Chapter 17 Homogeneous Chemical Reactions

Example 17_1_1 pgno:485

#initialization of variables
K = 1.46*10**-4 # lit/mol-sec (rate constant)
cpyridine = 0.1 # mol/lit
K1 = 2.0*10**-5 # cm**2/sec
#Calculations
D = K*cpyridine # sec**-1
k0 = ((D*K1)**0.5)*10**5#in x*10**-5 cm/sec
#Results
print"The diffusion co efficient of methyl iodide in benzene is  x10**-5 cm/sec",round(k0,1)

The diffusion co efficient of methyl iodide in benzene is  x10**-5 cm/sec 1.7

Example 17_1_2 pgno:486

#initialization of variables
R = 0.3 # cm
K1 = 18.6 # sec**-1
D = 0.027 # cm**2/sec
from sympy import coth
#Calculations
l = R/3 # cm
n = ((D/(K1*(l**2)))**0.5)*coth((K1*(l**2)/D)**0.5)
#Results
print"The value of reduction in reaction rate due to diffusion is ",round(n,3)

The value of reduction in reaction rate due to diffusion is  0.385

Example 17_1_3 pgno:486

#initialization of variables
k = 16*10**-3 # m.t.c in cm/sec
D  = 1.25*10**-5 # Diffusion co efficient in cm**2/sec
#Calculations 
K1 = (k**2)/D
#Results
print"The rate constant is  sec**-1",round(K1)

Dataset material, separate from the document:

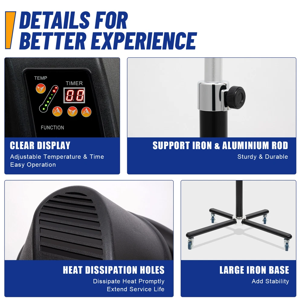 Description This beautiful and practical hair dryer is your ideal choice. High-quality materials make it safe and durable. It uses high-power infrared heating technology to achieve rapid heating and save time. At the same time, multiple functions can meet customers' daily styling needs. The four universal wheels at the bottom and an extended power cord are convenient for movement and use. Its high-quality and beautiful appearance will attract more customers for you. Key Features Build to Last: Premium iron, aluminum, ABS, and exquisite painting and electroplating process make this product wear-resistant, corrosion-resistant, high-temperature, and deformation-resistant, so it can withstand the test of time. Package Included 1*Freestanding Hair Dryer 1*English Manual 3 In 1 Hair Dryer Roller Ball Climazone Infrared Color Processor Salon Perming Description This beautiful and practical hair dryer is your ideal choice. High-quality materials make it safe and durable. It uses high-power infrared heating technology to achieve rapid heating and save time. At the same time, multiple functions can meet customers' daily styling needs. The four universal wheels at the bottom and an extended power cord are convenient for movement and use. Its high-quality and beautiful appearance will attract more customers for you. Key Features Build to Last: Premium iron, aluminum, ABS, and exquisite painting and electroplating process make this product wear-resistant, corrosion-resistant, high-temperature, and deformation- resistant , so it can withstand the test of time. High Efficiency: The high-power machine (950W) use infrared technology to quickly heat up to the desired temperature, and the 360° rotating heating disc transfers heat evenly to the roots of the hair, reducing customer waiting time. Besides, it can help customers promote blood circulation, accelerate metabolism, and make hair elastic. Thoughtful Design: It has three working conditions to choose from cold air, hot air, and rotating. The blowing outlet can be adjusted up or down with a knob in the range of 30-45° so that you can comfortably enjoy the hair care process. In addition, its six function modes and adjustable temperature and time (10-60 minutes) make it easier for you to use. Adjustable Height : It is height adjustable from 58.46-66.14 inches to meet the needs of people of different heights, providing comprehensive lighting and better hair care. Convenient to Move: Four anti-sticky hair universal wheels allow you to move freely to any place with less noise. Safe to Use: The approximately 7.15ft long power cord provides you with more usage locations while keeping you away from the power source. It will be safer to turn on the main power switch and select the usage mode before pressing the start/pause button. Easy to Clean: The smooth surface makes it very easy to clean, so you just need to gently wipe it with a cloth. Beautiful Appearance: The classic black and smooth surface makes it look very neat and beautiful. High beauty value makes your work more enjoyable. Protective Package: The double wrapping of foam and cardboard box can effectively protect the product in transit. Buy with Confidence: We are honored that you have chosen our product. We have sufficient confidence in the quality of the product so that you can buy it confidently. But if you have any questions, you can contact our customer service, he will patiently answer and solve your problems. Details Stable Base: The sturdy support rod and large four-legged base ensure good stability, making it safer to use. Heat Dissipation Holes: It comes with cooling holes to help the machine dissipate heat promptly, ensuring safety and extending service life. Clear Display: You can see the temperature and time clearly with the display on the control panel. It makes your operation easier. Application It can be used in barbershops, beauty salons, and other places, and is suitable for perms, color, treatment, semicolor dryhead care, and so on. Specification Color: Black Martial: Aluminium, Iron, ABS Process: Painting, Electroplating Technology: Infrared Plug Type: US Standard Voltage: 110V Power: 950W Frequency: 60Hz Time Control Range: 10-60mins Three Functions: Fan, Heat, Rotate Six Modes: Perm, Color, Treatment, Semicolor, Dry, Manual Power Cable Length: 2.18m/7.15ft Heater Diameter : 50cm/19.69inch Base Size: 68*49cm/26.77*19.29inch Height Adjustment Range: 148.5-168cm/58.46-66.14inch Package Size: 69*52*39.5cm/27.17*20.47*15.55inch Gross Weight: 12.05kg/26.57lbs Net Weight: 10.25kg/22.6lbs Package Included 1*Freestanding Hair Dryer 1*English Manual All Accessories for Assembly Notes Please read the manual carefully and pay attention to the safety precautions inside. External collision should be avoided. Please allow the slight color difference caused by the shooting light and the 1-3cm error due to manual measurement, and make sure you do not mind before ordering. Payment Delivery details Terms of sales About us Contact us Payment We accept ebay payment 。 Fees such as import duties, taxes are not included in the item price or shipping costs. These charges are the buyer's responsibility. Delivery details Shipping: 2-9 working days to: USA Terms of sales We maintain high standards of excellence and strive for hundred percent customer satisfaction. Feedback is very important to us. We hope that you contact us immediately before you give neutral or negative feedback, so that we can address your concerns. It is impossible to address issues if we do not know about them! About us Your satis faction is our ultimate goal. We work hard to earn your trust and future business. Our certified technicians have tested each item before shipping. The unit comes with 1 year limited warranty on all manufacturing defects. a) If you receive a defective item, you may return it or ask for a discount. Please contact us within 14 days after you receive the package. b) What you returned must be intact and in i
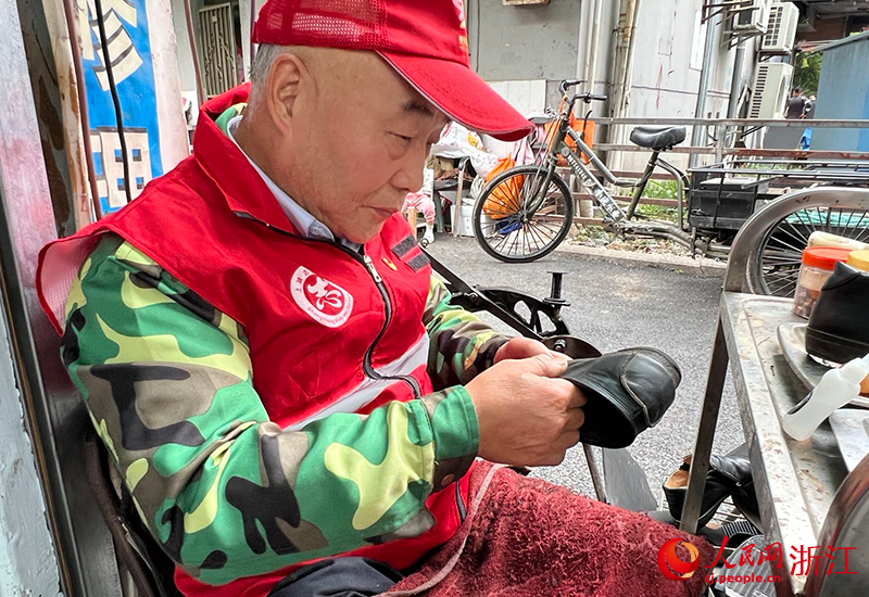 郭新寶幫老街坊修理運動鞋。上城區委宣傳部供圖

The rate constant is  sec**-1 20.0

Example 17_2_1 pgno:490

#initialization of variables
D2 = 5*10**-6 # The diffusion co efficient of the new compound in cm**2/sec
Nu = 3 # The factor
D1 = 0.7*10**-5 # The diffusion co efficient of the original compound in cm**2/sec
c2l = 1.5*10**-5 # the new solubility in mol/cc
c1l = 3*10**-7 # The old solubility in mol/cc
#Calculations
k = 1 + ((D2*c2l)/(Nu*D1*c1l))# The number of times the rate has increased to the previous rate
#Results
print"There is about a  fold increase in rate",round(k)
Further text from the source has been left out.